Suppose I have the following project tree:
src
data
doc
I'd like to keep all the folders in a Git repository, published to Gitlab. But I don't want to track data
and doc
together with src
.
So I use the following strategy:
git remote add origin ADDRESS
git submodule add -b data ADDRESS data
git submodule add -b doc ADDRESS doc
It actually works fine, except when I try to replicate the repository with:
git clone --recursive ADDRESS
all objects get transmitted 3 times: both the root and data
and doc
all contain:
- origin/master
- origin/data
- origin/doc
Is there an easy way to avoid this?
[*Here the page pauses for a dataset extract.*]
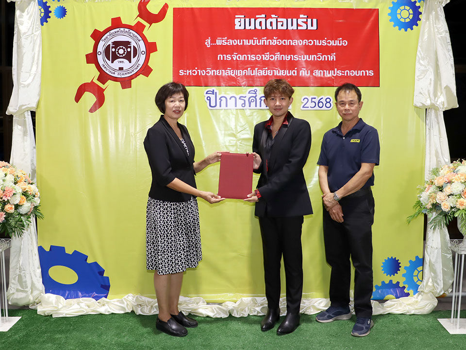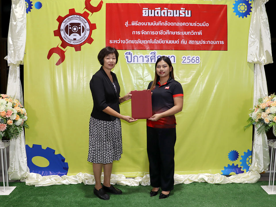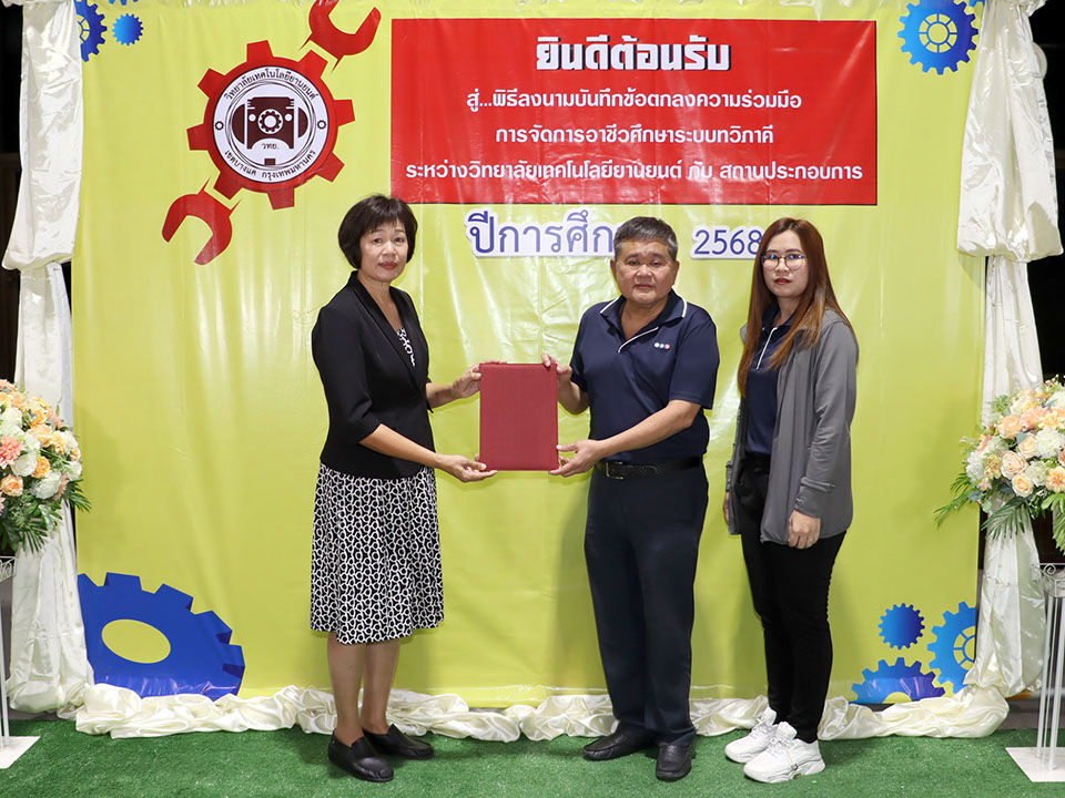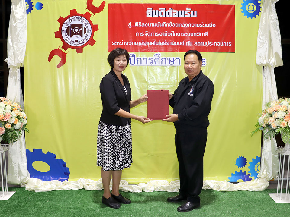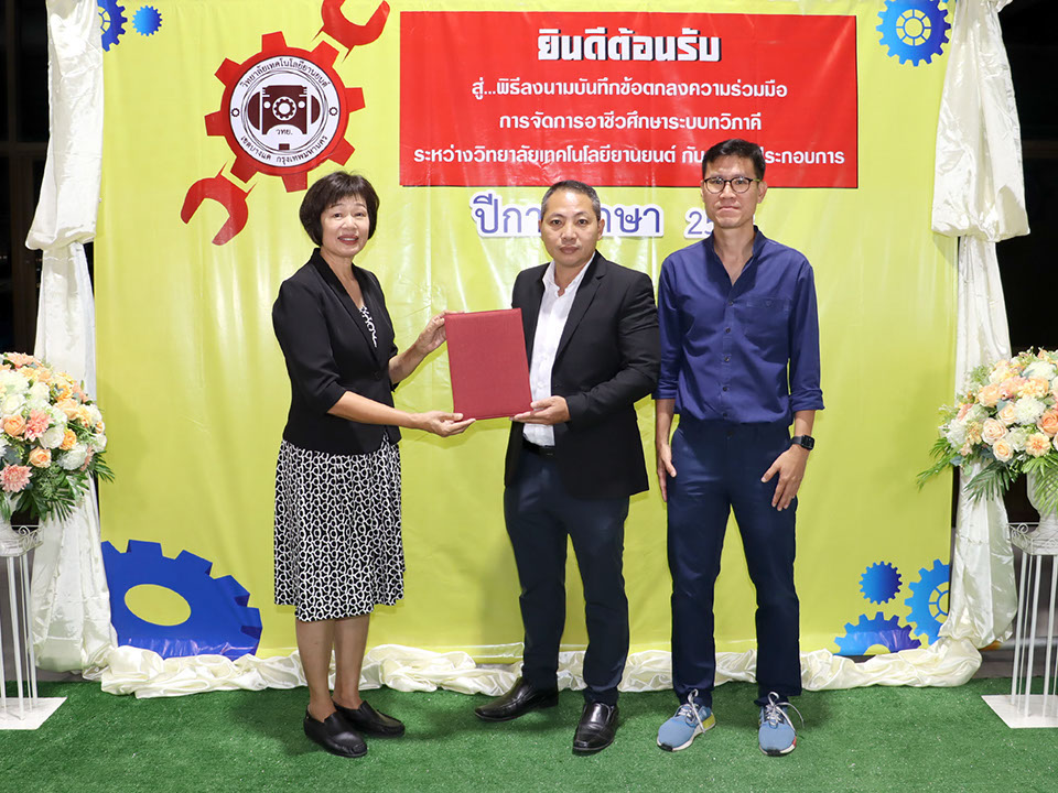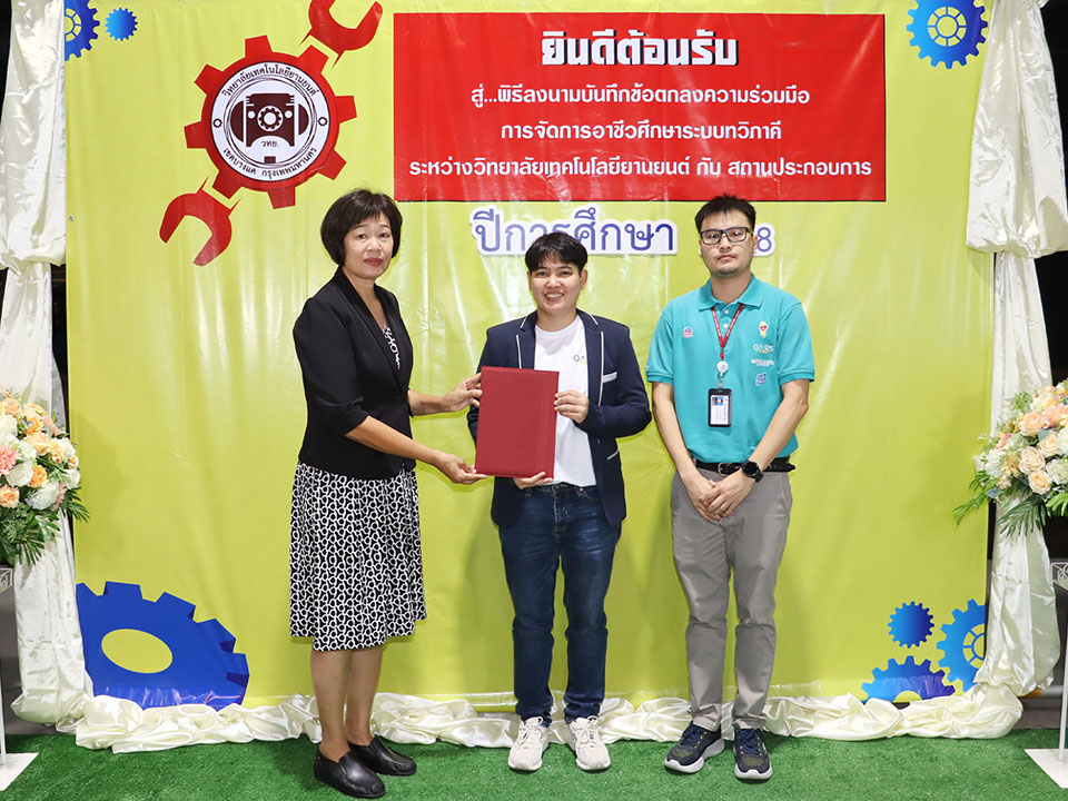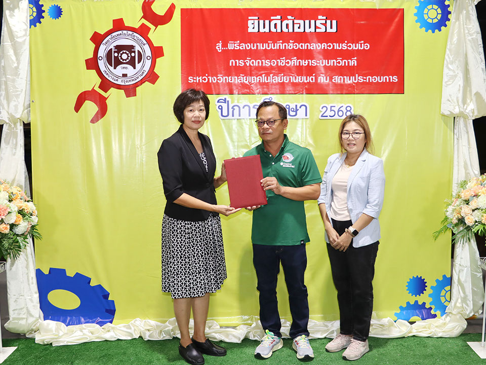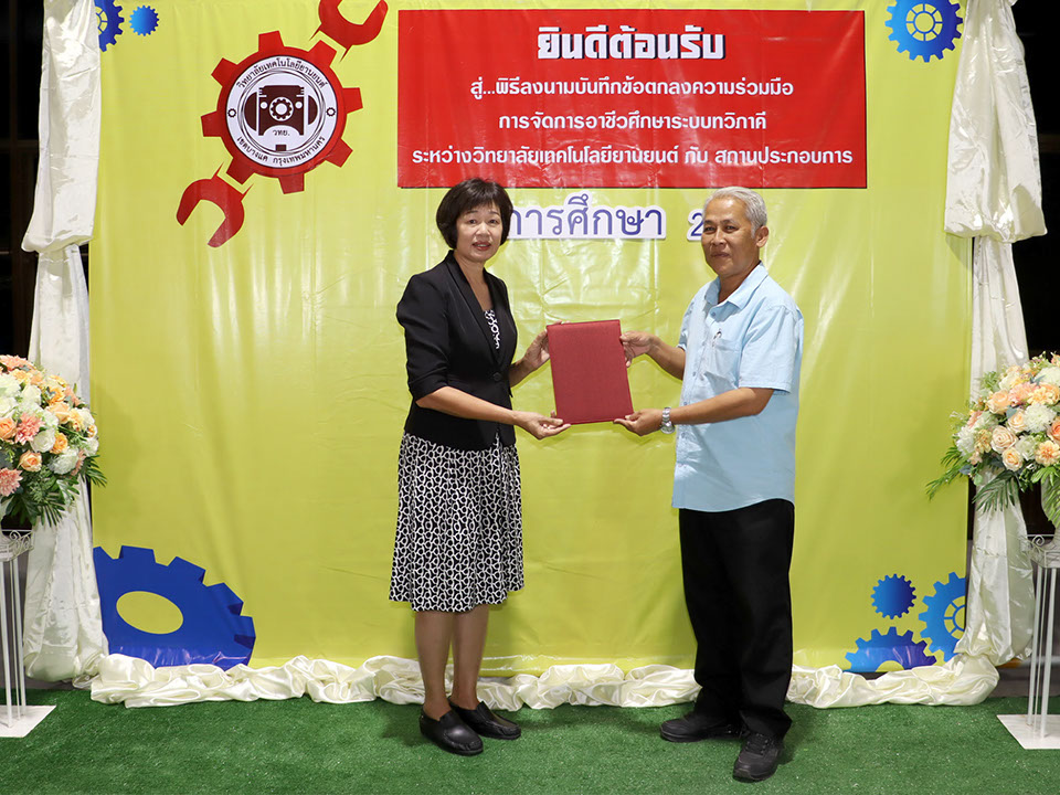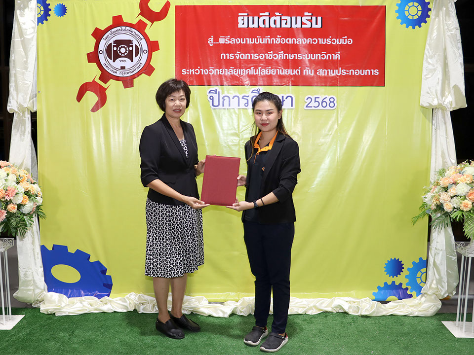 ผู้บริหาร / ตัวแทน / ผู้จัดการ สถานประกอบการ ผู้อำนวย ดร.โรจนะ ภิรมย์ ลงนามบันทึกข้อตกลงความร่วมมือการจัดการอาชีวศึกษาระบบทวิภาคี เมื่อวันที่ 6 ธันวาคม 2567

Just to clarify what I'd like:
- the master repository should only fetch
origin/master
, not the other two - the data submodule should only fetch
origin/data
. - the doc submodule should only fetch
origin/doc
.
Would be easy to achieve with 3 separate repositories, but that's too cumbersome, since I apply this approach for multiple projects.
UPDATE
git worktree
from this answer allows me to achieve what I want manually.
But now, instead of the automatic approach (which consumes 4x bandwidth):
git clone --recursive git@foo:foo/bar.git
I have to do:
git clone git@foo:foo/bar.git
cd bar
git worktree add data origin/data
git worktree add src/notebooks origin/notebooks
git worktree add doc origin/doc
git worktree add reports origin/reports
I could automate this process with some scripts, since .gitmodules
file already contains the complete info:
[submodule "data"]
path = data
url = git@foo:foo/bar.git
branch = data
[submodule "src/notebooks"]
path = src/notebooks
url = git@foo:foo/bar.git
branch = notebooks
[submodule "doc"]
path = doc
url = git@foo:foo/bar.git
branch = doc
[submodule "reports"]
path = reports
url = git@foo:foo/bar.git
branch = reports
I wonder if there already is some standard git script or flag that handles this?